Qui a gagné des millions sur la crise avec l’Iran ? Ces paris sur le pétrole qui intriguent les autorités

Quelques minutes avant des annonces majeures sur l’Iran, des centaines de millions de dollars sont misés sur une baisse du pétrole. Puis le marché chute. Et certains gagnent immédiatement. Hasard, intuition… ou information en avance ? Une enquête est ouverte, et elle pose une question simple mais dérangeante : dans les moments de crise, qui profite vraiment des décisions politiques ?
Des paris massifs… juste avant que tout bascule
Pour comprendre ce qui intrigue aujourd’hui les autorités américaines, il faut revenir à deux moments précis. Le 23 mars 2026, les marchés pétroliers évoluent normalement. Puis, en quelques secondes, des ordres massifs apparaissent : des investisseurs parient sur une baisse du pétrole pour plusieurs centaines de millions de dollars. Quelques instants plus tard, Donald Trump annonce le report de frappes contre l’Iran. Le marché réagit immédiatement : les prix chutent fortement, et ceux qui avaient parié à la baisse gagnent.
Deux semaines plus tard, le 7 avril, même scénario. Cette fois, près de 950 millions de dollars sont engagés sur une baisse du pétrole avant une annonce de cessez-le-feu. Là encore, le marché plonge juste après. Pour les spécialistes, ce n’est pas tant le pari qui est surprenant, les traders anticipent en permanence, mais le moment choisi. Anticiper une tendance est courant. Anticiper presque à la minute près une annonce politique est beaucoup plus rare.
Comment on peut gagner des millions avec quelques minutes d’avance
Le mécanisme est en réalité très simple à comprendre. Sur les marchés, tout repose sur l’information. Si vous savez qu’un événement va faire baisser les prix, vous pouvez vendre avant que cela se produise, puis racheter après la chute, et empocher la différence. Dans le cas du pétrole, une décision politique, comme une désescalade avec l’Iran, peut faire bouger les prix instantanément. Moins de tension signifie souvent moins de risque, donc des prix qui baissent. Celui qui connaît cette décision avant les autres a donc un avantage énorme.
C’est précisément ce que le droit appelle un possible délit d’initié. Mais attention : gagner de l’argent ne suffit pas à prouver une fraude. Un trader peut toujours dire qu’il a simplement anticipé, en analysant des signaux : déclarations politiques, mouvements militaires, rumeurs diplomatiques. Et dans certains cas, cela peut être vrai. C’est ce qui rend ce type d’affaire si difficile à trancher. C’est pour cela que la Commodity Futures Trading Commission a ouvert une enquête. Elle cherche à répondre à une question clé : ces investisseurs ont-ils simplement été plus malins que les autres… ou ont-ils eu accès à une information confidentielle ?

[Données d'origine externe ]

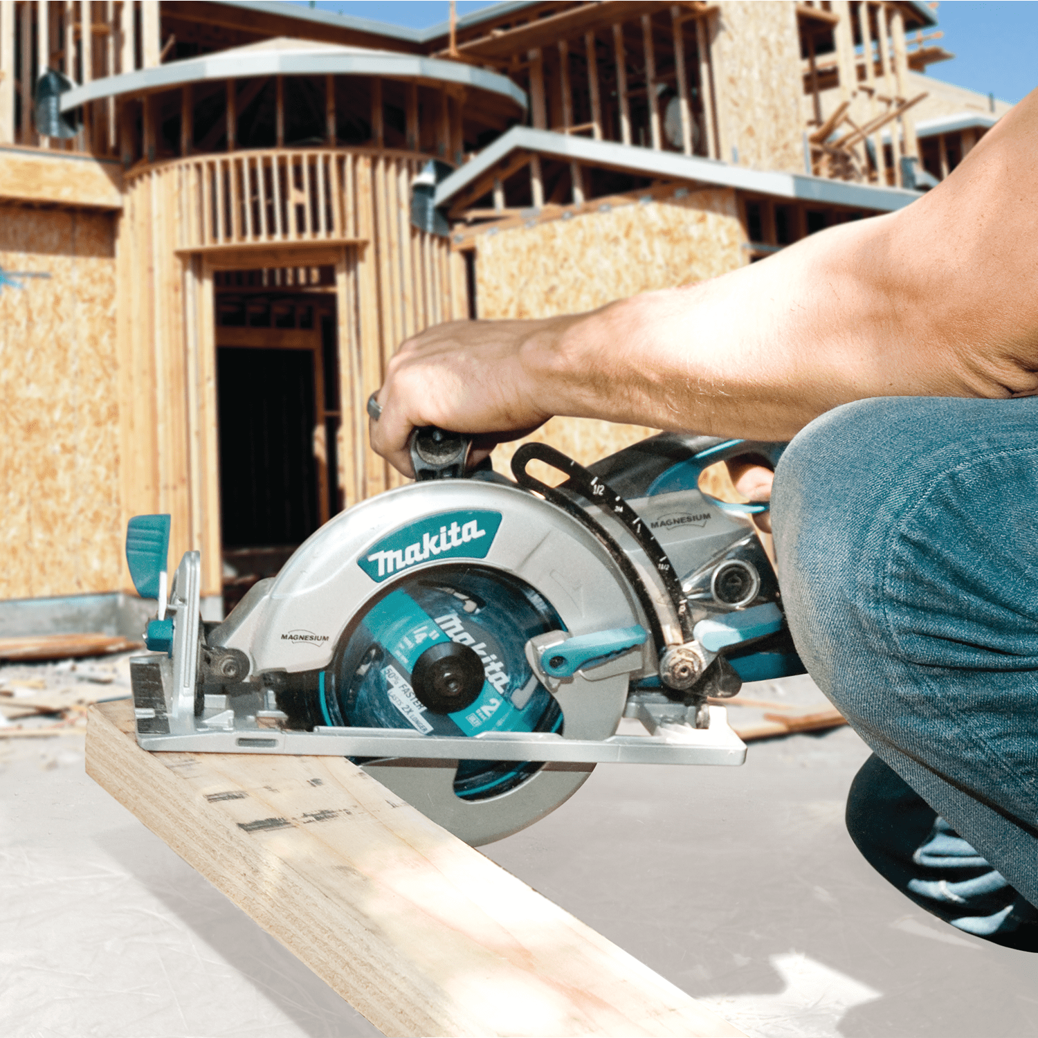 The Makita 7-1/4” Magnesium Hypoid Saw features highly durable magnesium components and a powerful 15 AMP Makita-built industrial motor with a hypoid gearing system for maximum power output. The 5377MG seamlessly balances weight, power, durability, and ease of use for optimum cutting performance. Makita-Built Motor Engineered for Versatile Power The 5377MG features a Makita-built 15 AMP industrial motor that delivers 4,500 RPM, combined with well-balanced magnesium components for a lighter weight saw that delivers true power the professional user demands. Users will benefit from the precision-machined hypoid gears, which deliver more constant power than worm drive gears. Hypoid gears have greater surface contact so more power is transferred over a wider surface, providing increased power and durability. In addition, hypoid gears are in an oil bath for consistent oil coverage. The saw has a large cutting capacity (2-3/8” at 90°) with a maximum bevel capacity of 51.5° and positive stops at 22.5°, 45° and 51.5° for quick back-and-forth changes. Ergonomic and Ease-of-Use Features Magnesium components allowed Makita to engineer a saw with less weight (13.2 lbs.) that is well-balanced and jobsite tough. Additional design details include greater clearance between the rear handle and the blade case to provide a better grip for larger hands or for users with gloves, as well as a wider space between the blade and housing for a clearer view of the blade and measurement scale. Makita also engineered ergonomics and ease-of-use into the saw, including clearly visible depth and bevel markings and ergonomic hand grips to improve overall control while minimizing operator fatigue. The large rubberized levers provide quick, one-handed adjustments for more efficient work. Includes Ultra-Coated Framing Blade The 5377MG includes a Makita 7-1/4” Premium Ultra-Coated Framing Blade with Advance Tooth Design. The "M" shaped tooth design features a two-pointed tip and two 10 degree bevel face to maximize cutting performance for a faster, cleaner and longer lasting cut. The carbide tips are specifically set to withstand the harshest conditions such as plowing through nail-embedded wood. The blade is also ultra-coated to reduce heat and pitch build-up for faster, smoother cutting, with special Makita heat vents strategically set to dissipate heat and increase performance. The 5377MG also include a blade wrench attached to the saw for fast and convenient blade changing. Engineered for a Range of Applications The 5377MG is built for framing walls, floors and roofs using a range of dimensional lumber and dense engineered lumber, including LVL, PSL and I-Joists, headers, and microlams; as well as ripping panels such as plywood, OSB, particle board, and dense structural panels. Other applications include plunge and bevel cutting, as well as masonry and metal cutting. Magnesium components create a lightweight saw (13.2 lbs.) that is well balanced and job site tough. Oil bath technology is created with a built-in fan and sealed gear housing to ensure 100% oil surface coating for less maintenance. Large cutting capacity (2-3/8" at 90°) with positive stops at 22.5°, 45° and 51.5°. High quality, heat treated hypoid steel gears are engineered for less maintenance. Powerful 15 AMP motor delivers 4,500 RPM with compressed winding technology to keep the overall size more compact yet deliver job site durability. Better fit with comfortable rubber grip on handle. Retractable hook allows tool to remain close by, but never in the way. Make quick, one-handed adjustments using large, rubberized levers. Settings are easy to read with oversized number and ruler markings. Blade wrench is attached to saw for fast and convenient blade changing. Reinforced 10 ft. power cord withstands jobsite abuse and lowers repair costs. Includes a premium 7-1/4" carbide tipped framing blade that cuts 50% faster and lasts 2x longer.

Une enquête qui pose une question beaucoup plus large
Le nom de Donald Trump apparaît naturellement dans cette affaire, car ses annonces ont déclenché les mouvements de marché. Mais à ce stade, rien ne permet de dire qu’il est impliqué. La vraie question est ailleurs : quelqu’un a-t-il su avant les autres ? Ce type de situation n’est pas totalement nouveau. Lors de la crise du Covid-19, certains responsables politiques avaient été soupçonnés d’avoir vendu des actions avant les annonces officielles. Plus récemment, des cas ont montré que des informations sensibles pouvaient être utilisées pour parier sur des événements internationaux. À chaque fois, le même problème revient : l’information circule parfois de manière inégale. Dans le cas du pétrole, l’enjeu est encore plus important, car ce marché influence toute l’économie mondiale. Si certains acteurs disposent d’un avantage, même de quelques minutes, cela peut suffire à générer des gains énormes. Et cela pose une question simple, mais essentielle : les marchés sont-ils vraiment équitables pour tout le monde ?
Aujourd’hui, aucune preuve ne permet de conclure à un délit d’initié. Mais le doute est là. Et dans les marchés financiers, le doute est souvent le premier signal que quelque chose mérite d’être regardé de plus près.